## [PROMPT]
Retype the whole listing, please, keeping every line exact and dropping the pictures.

## [DATASET SECTION]

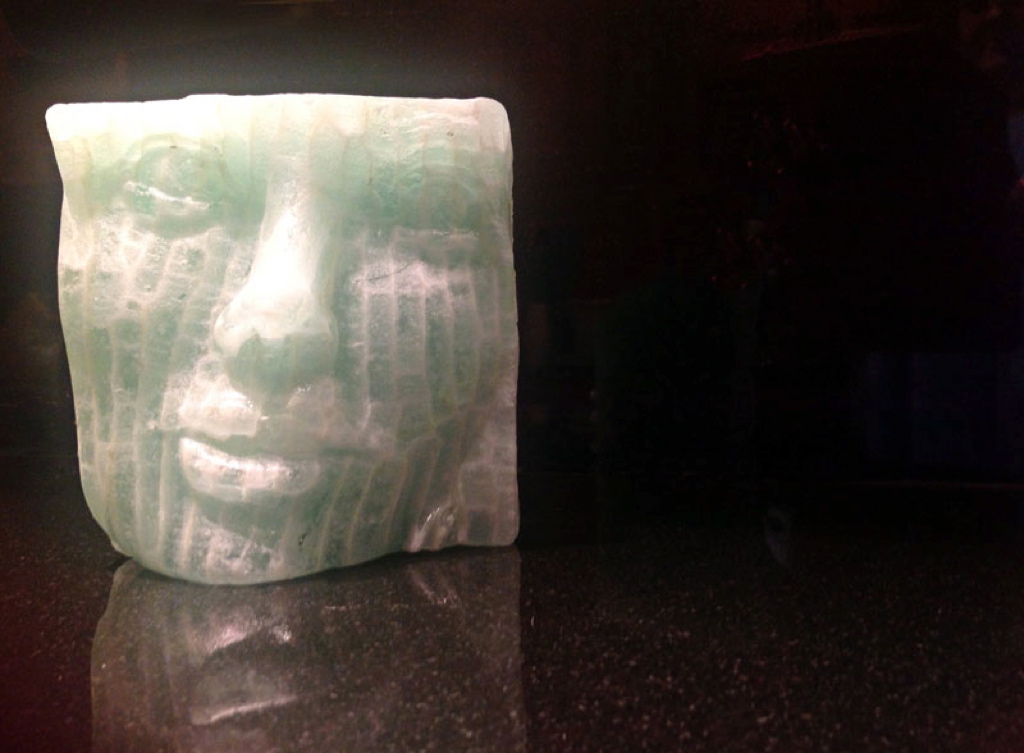 These goblets are Gaffer lead crystal, about 7-8 inches high. I polished the relief elements to a high gloss and left the foundation pretty much in its from-the-mold state (which was, fortunately, a nicely satin finish). I started with 400-grit wet-dry and a tub of water, moved from 600 to 800 to 1200 and touched it up with cerium handpads (from HIS Glassworks). It took about 2 hours per goblet. (I did have some additional machining to remove excess glass from the base, and knock off some flashing from the inside, but that was pretty much it for machine work). Gaffer coldworks like butter, to the point that I'd rather handwork than risk going too far with the machine. This 2-inch pendant is soda-lime (Bullseye), cast and extensively shaped with a foredom diamond wheel to remove the (rather large) glass sprue and rough-shape it into the current form at a level of about 200-grit. At that point, I switched to handworking, took it to a very high gloss with diamond hand-pads and then wet-dry sandpaper with a cerium pad finish. All told, there's about 6 hours of coldwork into this piece, maybe 4 of it in handwork. That's partly because soda-lime is harder than lead crystal and just takes longer to work, partly because the smaller you go the more difficult it can be to polish detail (there's only so much surface to hold the grit).
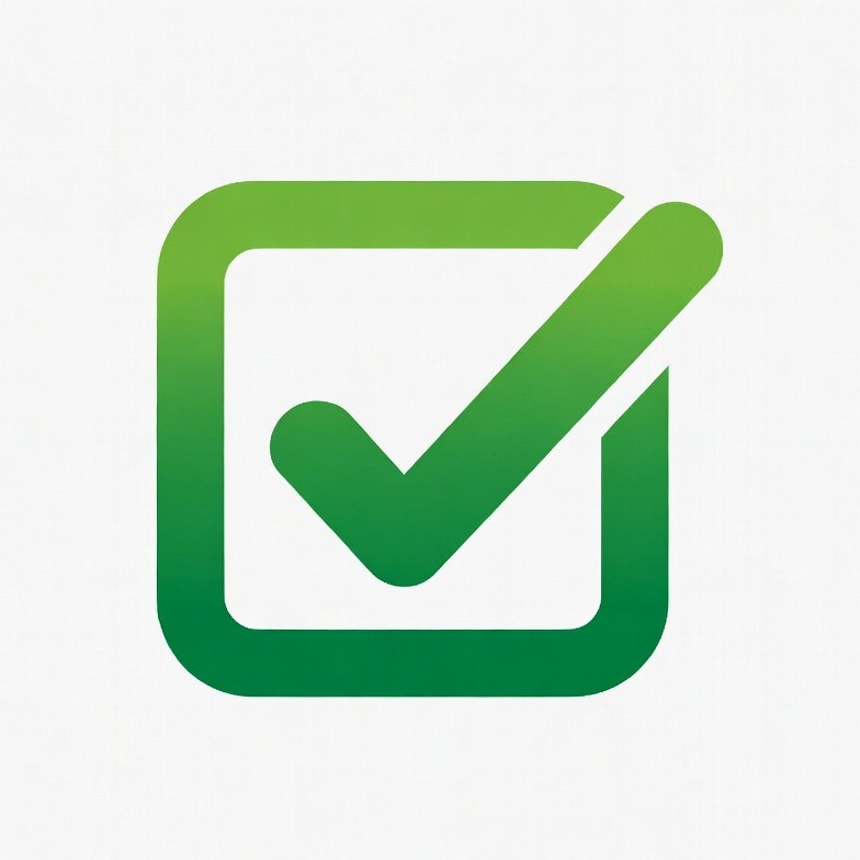 A vibrant green checkmark icon sits inside a square outline on a white background. The checkmark and square feature a gradient green color with a modern, bold design. It is a simple vector illustration isolated on a transparent background.
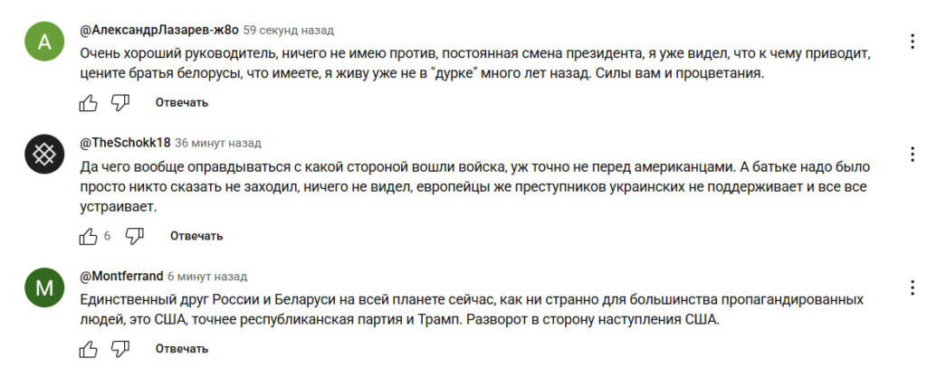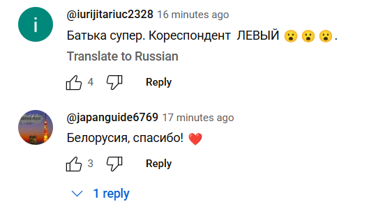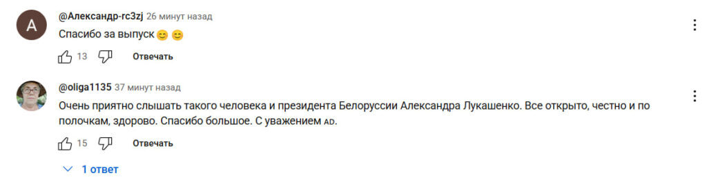 С первых минут интервью, которое транслировалось в прямом эфире, на YouTube появились сотни комментариев с поддержкой лидера Беларуси и благодарностями в адрес авторов содержательного диалога.

## [THE COMPLETED TASK]
 These goblets are Gaffer lead crystal, about 7-8 inches high. I polished the relief elements to a high gloss and left the foundation pretty much in its from-the-mold state (which was, fortunately, a nicely satin finish). I started with 400-grit wet-dry and a tub of water, moved from 600 to 800 to 1200 and touched it up with cerium handpads (from HIS Glassworks). It took about 2 hours per goblet. (I did have some additional machining to remove excess glass from the base, and knock off some flashing from the inside, but that was pretty much it for machine work). Gaffer coldworks like butter, to the point that I'd rather handwork than risk going too far with the machine. This 2-inch pendant is soda-lime (Bullseye), cast and extensively shaped with a foredom diamond wheel to remove the (rather large) glass sprue and rough-shape it into the current form at a level of about 200-grit. At that point, I switched to handworking, took it to a very high gloss with diamond hand-pads and then wet-dry sandpaper with a cerium pad finish. All told, there's about 6 hours of coldwork into this piece, maybe 4 of it in handwork. That's partly because soda-lime is harder than lead crystal and just takes longer to work, partly because the smaller you go the more difficult it can be to polish detail (there's only so much surface to hold the grit).
 A vibrant green checkmark icon sits inside a square outline on a white background. The checkmark and square feature a gradient green color with a modern, bold design. It is a simple vector illustration isolated on a transparent background.
 С первых минут интервью, которое транслировалось в прямом эфире, на YouTube появились сотни комментариев с поддержкой лидера Беларуси и благодарностями в адрес авторов содержательного диалога.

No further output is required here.